Assignment
Transcribe all of the data exactly. Omit the pictures.

Data extract
++++++++

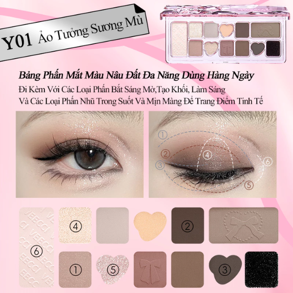 - Màu Sắc Sản Phẩm: Y01 Ảo Tưởng Sương Mù: Bảng Phấn Mắt Màu Nâu Đất Đa Năng Dùng Hàng Ngày
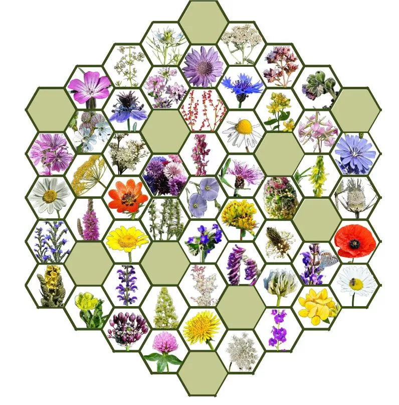 búzavirág (színkeverék és vad), csabaíre vérfű, dúsvirágú/szöszös ökörfarkkóró, ékes vasvirág mix, erdei mályva, évelő len, fehér here, fehér mécsvirág, festő pipitér, héjakút mácsonya, hólyagos habszegfű, kamilla, kapor, keleti szarkaláb, kígyóhagyma, koloncos legyezőfű, konkoly, közönséges cickafark, közönséges ebnyelvűfű, közönséges galaj, közönséges orbáncfű, lándzsás útifű, ligeti zsálya, magyar zsálya, mezei árvácska, mezei katáng, mezei katicavirág, mezei szarkaláb, mezei zsálya, nyári hérics, nyúlszapuka, orvosi atracél, orvosi somkóró, orvosi szappanfű, osztrák zsálya, parlagi pipitér, pipacs, pitypang, réti imola, réti legyezőfű, réti margitvirág, szarvaskerep, szöszös bükköny, szurokfű, tarka koronafürt, terjőke kígyószisz, vadmurok, vadrezeda, vetési/réti boglárka, vörös here
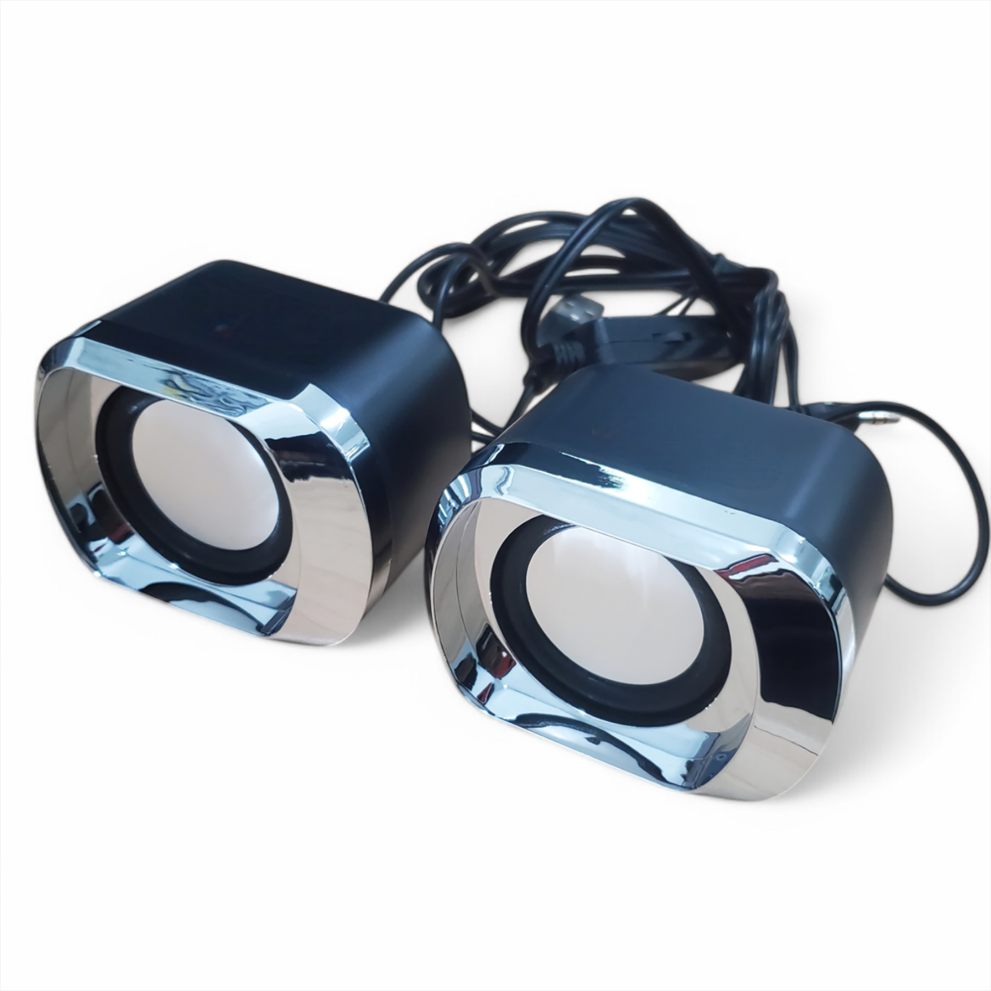 Desain Elegan Speaker ini mengusung desain minimalis dan elegan dengan balutan warna silver dan hitam di bagian depannya. Setup meja kerja Anda semakin keren dengan speaker stereo ini.

++++++++

Reply
 - Màu Sắc Sản Phẩm: Y01 Ảo Tưởng Sương Mù: Bảng Phấn Mắt Màu Nâu Đất Đa Năng Dùng Hàng Ngày
 búzavirág (színkeverék és vad), csabaíre vérfű, dúsvirágú/szöszös ökörfarkkóró, ékes vasvirág mix, erdei mályva, évelő len, fehér here, fehér mécsvirág, festő pipitér, héjakút mácsonya, hólyagos habszegfű, kamilla, kapor, keleti szarkaláb, kígyóhagyma, koloncos legyezőfű, konkoly, közönséges cickafark, közönséges ebnyelvűfű, közönséges galaj, közönséges orbáncfű, lándzsás útifű, ligeti zsálya, magyar zsálya, mezei árvácska, mezei katáng, mezei katicavirág, mezei szarkaláb, mezei zsálya, nyári hérics, nyúlszapuka, orvosi atracél, orvosi somkóró, orvosi szappanfű, osztrák zsálya, parlagi pipitér, pipacs, pitypang, réti imola, réti legyezőfű, réti margitvirág, szarvaskerep, szöszös bükköny, szurokfű, tarka koronafürt, terjőke kígyószisz, vadmurok, vadrezeda, vetési/réti boglárka, vörös here
 Desain Elegan Speaker ini mengusung desain minimalis dan elegan dengan balutan warna silver dan hitam di bagian depannya. Setup meja kerja Anda semakin keren dengan speaker stereo ini.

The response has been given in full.